Digital Medication Overview: The introduction of the ePA provides insured persons with a comprehensive digital medication overview, generated automatically. This supports physicians in avoiding adverse drug interactions and optimizes treatment processes.

E-Prescription: The e-prescription is standardized and established as an integral part of medication supply. Additional access is available via the ePA app.

Digital Health Application (DiGA): Digital health applications (DiGA) are increasingly being integrated into care processes, with greater transparency in their use. The expansion of DiGA to include digital medical devices in risk class IIb enables their use in more advanced treatments, such as telemonitoring.

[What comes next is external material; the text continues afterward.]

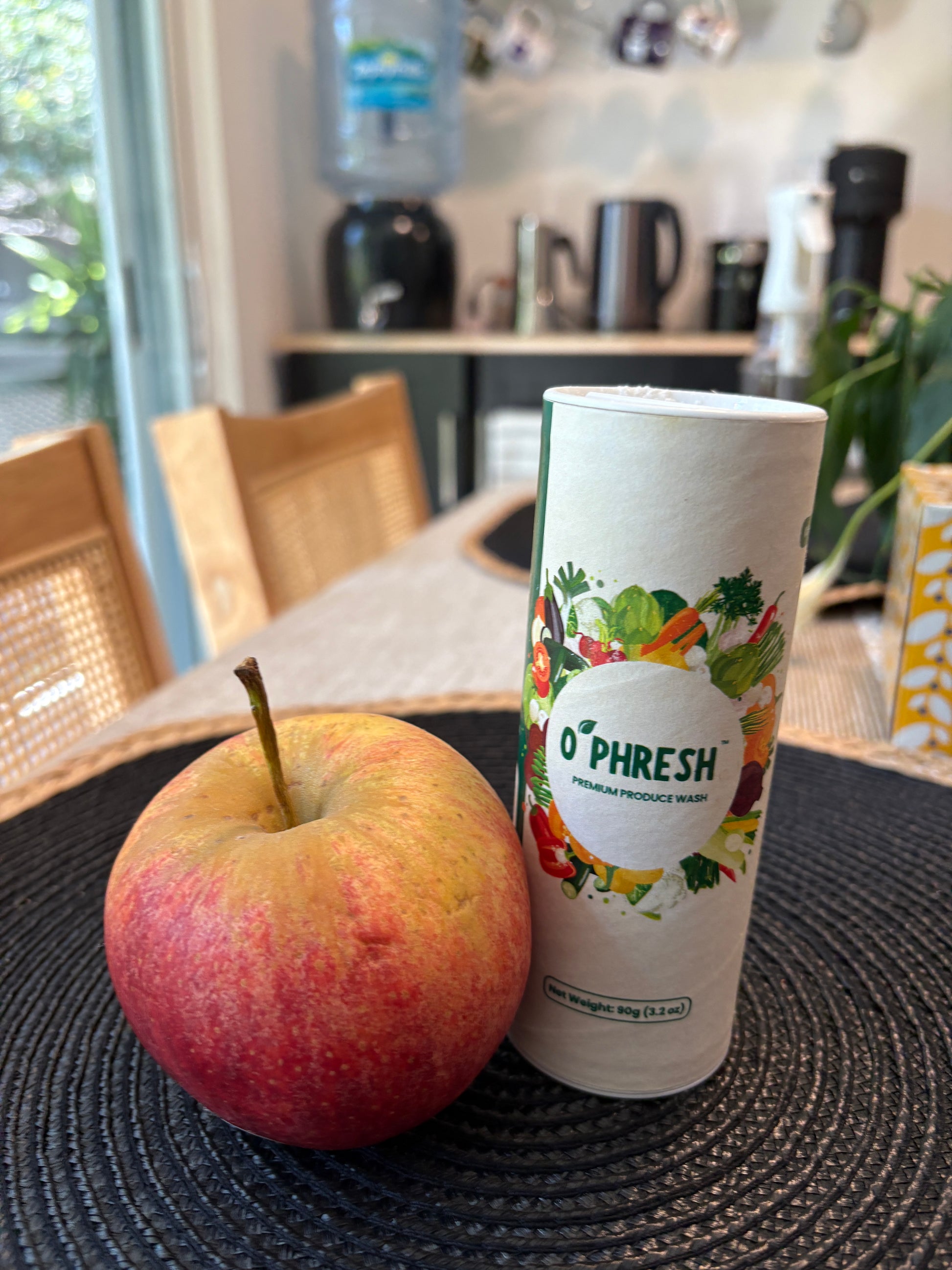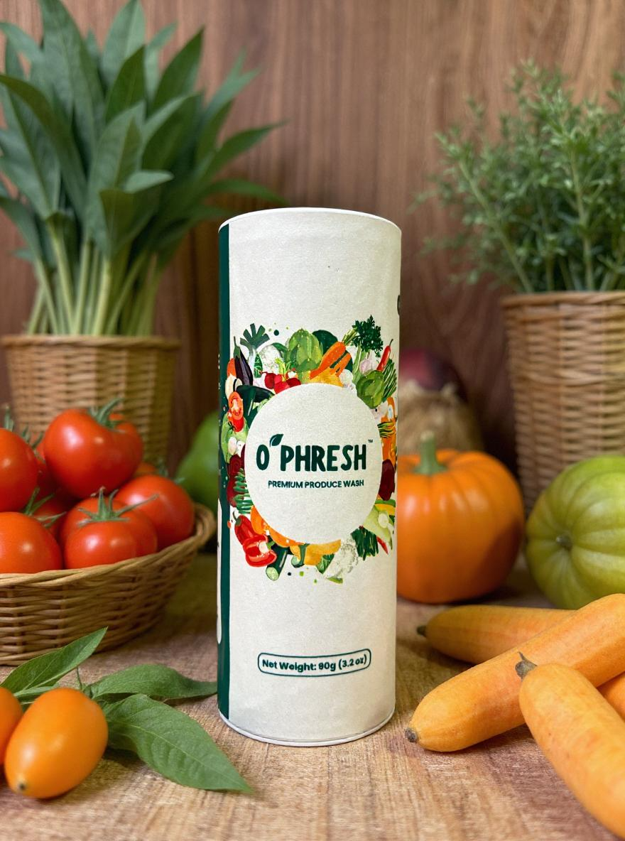 O'phresh is a 100% natural vegetable wash that eliminates dirt, wax, pesticides, and residues from your fruits and veggies—safely and effectively.

Telemedicine: To establish telemedicine more firmly in the healthcare system, quantity restrictions are being removed. Assisted telemedicine will also enable easier access to care. University outpatient clinics, psychiatric outpatient clinics, and psychotherapeutic consultations can now offer telemedical services.‍

Digital Advisory Board: A Digital Advisory Board is being established, which includes representatives from the Federal Commissioner for Data Protection and Freedom of Information (BfDI) and the Federal Office for Information Security (BSI). Ethical and medical perspectives are specifically considered in its composition. The board will provide ongoing support by offering balanced recommendations on issues such as data protection, data security, data use, and usability.

The debate about the use of health data for research is becoming increasingly important. While some emphasize its potential benefits, others warn of associated risks, particularly concerning the use of data in the name of the common good. Critics argue that this term is vague and open to politically motivated interpretation, creating uncertainty around the true intentions behind data processing. Some voices have gone as far as to make serious allegations regarding the handling of health data to date. It is claimed that data—originally intended to protect people—is often obscured, withheld, or even not collected at all. Additionally, there are concerns that health data is used to support multi-billion-dollar business interests in the pharmaceutical industry, while the actual goal of serving the public interest remains unclear. These concerns highlight the need for clear, ethically responsible guidelines for the use of health data. The security and protection of sensitive information must remain a top priority in order to preserve public trust in how their data is handled.